Stored dataset items
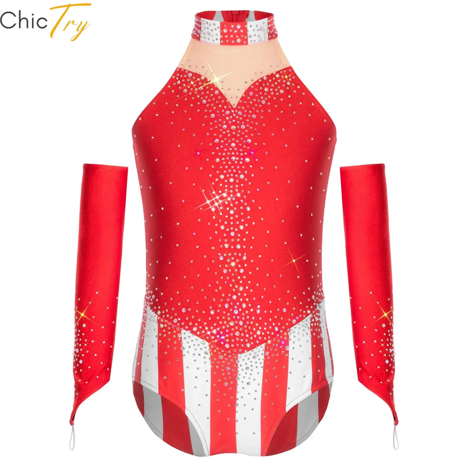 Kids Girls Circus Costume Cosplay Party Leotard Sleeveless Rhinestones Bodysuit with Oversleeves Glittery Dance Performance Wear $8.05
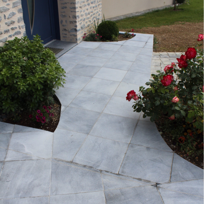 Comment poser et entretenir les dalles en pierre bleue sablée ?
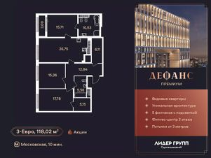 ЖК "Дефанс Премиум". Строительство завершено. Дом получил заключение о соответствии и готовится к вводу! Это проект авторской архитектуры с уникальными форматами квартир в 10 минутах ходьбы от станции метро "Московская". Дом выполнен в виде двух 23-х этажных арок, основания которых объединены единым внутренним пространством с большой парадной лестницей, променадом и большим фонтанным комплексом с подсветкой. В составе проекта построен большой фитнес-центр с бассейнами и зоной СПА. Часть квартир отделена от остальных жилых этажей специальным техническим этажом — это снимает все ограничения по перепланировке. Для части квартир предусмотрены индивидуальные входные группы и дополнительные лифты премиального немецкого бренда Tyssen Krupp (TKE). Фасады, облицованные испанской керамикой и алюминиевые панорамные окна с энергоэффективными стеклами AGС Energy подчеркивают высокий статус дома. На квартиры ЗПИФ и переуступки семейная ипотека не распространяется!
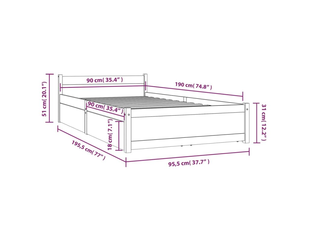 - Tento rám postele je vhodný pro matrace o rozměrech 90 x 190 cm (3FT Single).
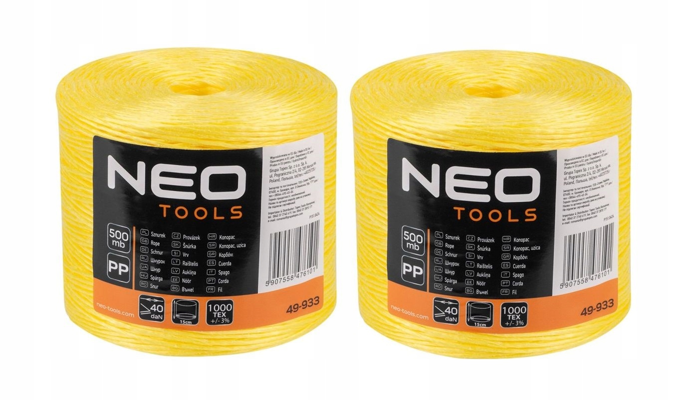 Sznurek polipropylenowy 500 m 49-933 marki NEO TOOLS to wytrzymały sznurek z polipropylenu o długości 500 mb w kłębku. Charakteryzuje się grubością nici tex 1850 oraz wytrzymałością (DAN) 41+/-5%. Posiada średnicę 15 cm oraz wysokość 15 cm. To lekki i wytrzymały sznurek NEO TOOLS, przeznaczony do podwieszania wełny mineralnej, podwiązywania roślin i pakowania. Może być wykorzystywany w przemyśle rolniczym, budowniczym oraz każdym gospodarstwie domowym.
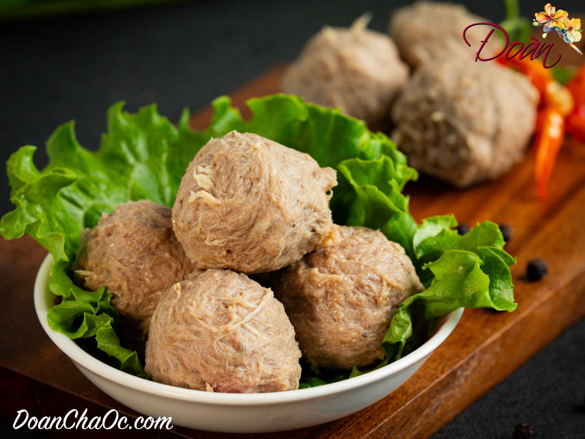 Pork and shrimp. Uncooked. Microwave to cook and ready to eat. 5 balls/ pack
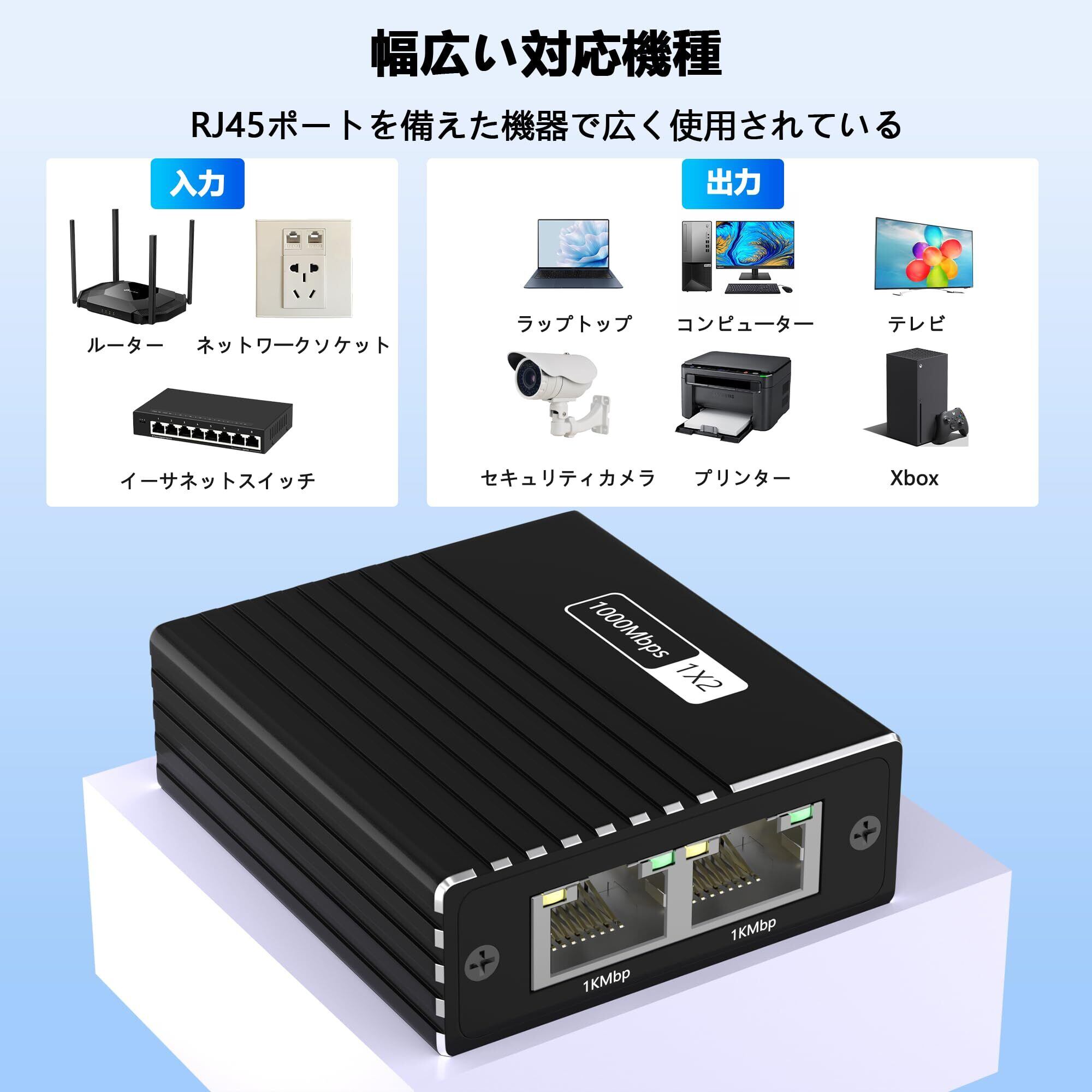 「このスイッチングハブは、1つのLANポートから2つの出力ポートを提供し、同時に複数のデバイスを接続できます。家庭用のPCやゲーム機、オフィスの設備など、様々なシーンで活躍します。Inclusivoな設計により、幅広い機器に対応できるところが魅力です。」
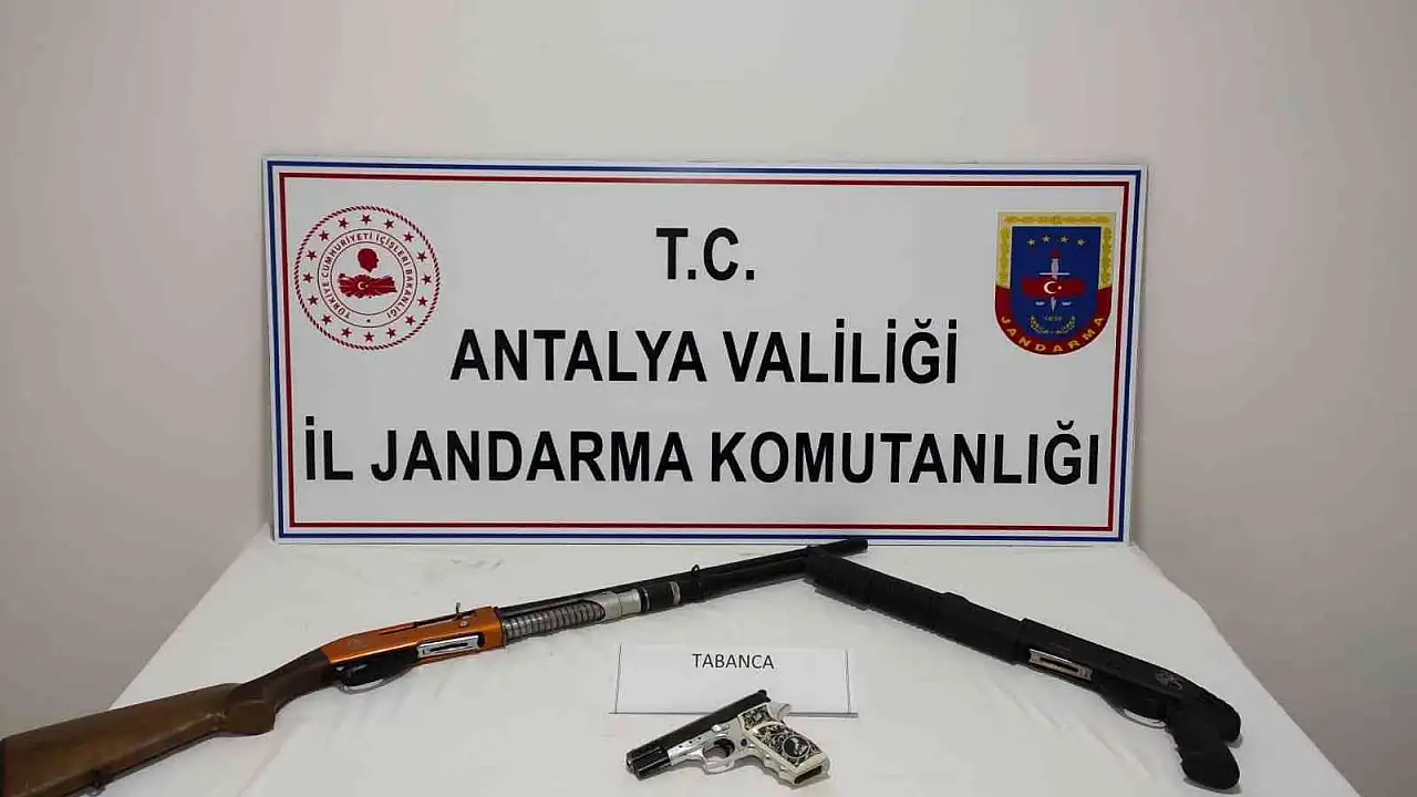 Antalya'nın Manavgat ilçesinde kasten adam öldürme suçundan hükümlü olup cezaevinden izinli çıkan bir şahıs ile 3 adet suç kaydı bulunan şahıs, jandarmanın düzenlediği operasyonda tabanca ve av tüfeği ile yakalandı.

## Assignment
Retype, without any picture, exactly the lines from the one with "Pork and shrimp." through the end of the entries, inclusive.

## Response area
 Pork and shrimp. Uncooked. Microwave to cook and ready to eat. 5 balls/ pack
 「このスイッチングハブは、1つのLANポートから2つの出力ポートを提供し、同時に複数のデバイスを接続できます。家庭用のPCやゲーム機、オフィスの設備など、様々なシーンで活躍します。Inclusivoな設計により、幅広い機器に対応できるところが魅力です。」
 Antalya'nın Manavgat ilçesinde kasten adam öldürme suçundan hükümlü olup cezaevinden izinli çıkan bir şahıs ile 3 adet suç kaydı bulunan şahıs, jandarmanın düzenlediği operasyonda tabanca ve av tüfeği ile yakalandı.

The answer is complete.